Hajdari’s foundation has also become known for the help provided to people, especially children that require medical treatment abroad. He explains in detail the story of a young girl who is suffering complications from an appendix removal and was given no chance of living by Albanian doctors. But thanks to his perseverance, pressure, insistence, and the money he managed to raise, her condition was stabilised through dialogue between local and Italian doctors, so she could be airlifted to get treatment abroad.

He shows me a picture on his phone with pride of the young girl who is expected to make a full recovery.

But he quickly explains that his aim is not just to assist a platter for those in need. Instead, those receiving homes and other assistance must commit to working to better their own circumstances. For example, sending their children to school, attending courses, entering the workforce, and more. He talks of a point system where once a certain number of points have been gained; they receive the documents to their property.

“We cannot just give them the fish; we have to teach them to catch the fish,” he said, echoing the famous saying.

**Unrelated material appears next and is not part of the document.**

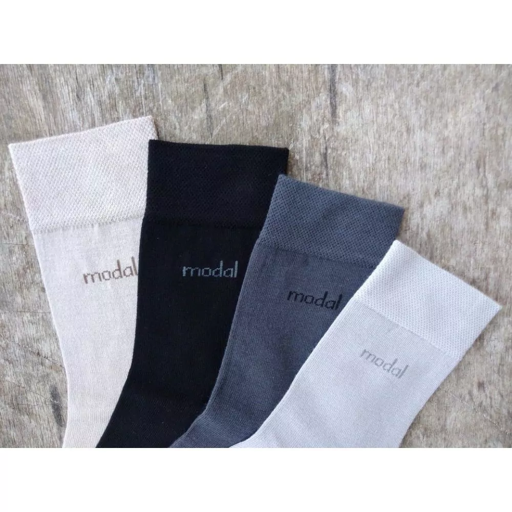 Modal je celulozové vlákno vyrobené z bukového dřeva s vysokou pevností a zvýšeným odvodem vlhkosti. Modalová vlákna mají skvělou absorpci, větší sytost barev a lesk zůstává i po více praních. Špice je řetízkovaná, pata a špice zesílená. V lýtku pod lemem nápis MODAL.

After our lunch, I received a tour of the facilities. The warehouse is expansive, with furniture, food, clothing, toys, and even a fully kitted-out ambulance. Having worked with the NGO when the Afghan refugees came to Albania, I was impressed with their high level of organisation and accountability; they provided me with inventories and photos of all items I gathered and gave them to distribute.

Beyond the warehouse is a fully kitted out educational centre with over 15,000 books in English and Albanian, a classroom for lessons including English, and a fully functioning computer suite with modern equipment.

The health centre behind it includes sections for children with speech and learning delays, an ultrasound suite, a dental clinic, and a GP. All that is missing is mental health services, which we all agree are much in need but hard to acquire. Albania currently only has around 25 psychiatrists, just over one for every 100,000 people.

Over the coming months and years, other parts of the centre will come to life, providing comprehensive care for citizens from all around the country. He explains he also wants to work with local women, harnessing their talents and teaching them skills in creating artisanal products to make them more financially independent.

In terms of running the centre, he explains that it is not without its challenges. While they will likely mitigate much of the impending energy crisis due to installing solar panels for all power needs, taxes and customs fees are a significant drain on funds. Hajdari explains that every shipment of aid donations that come to the country is taxed into double figures, despite them being for charity.

“It makes our job harder; it doesn’t make sense,” he said.

But he doesn’t let it deter him. Hajdari has enough energy and determination not to let simple matters like customs fees set him back. He is absolute in his desire to help people and create a sustainable community for people in need and a better future for the Albanian people.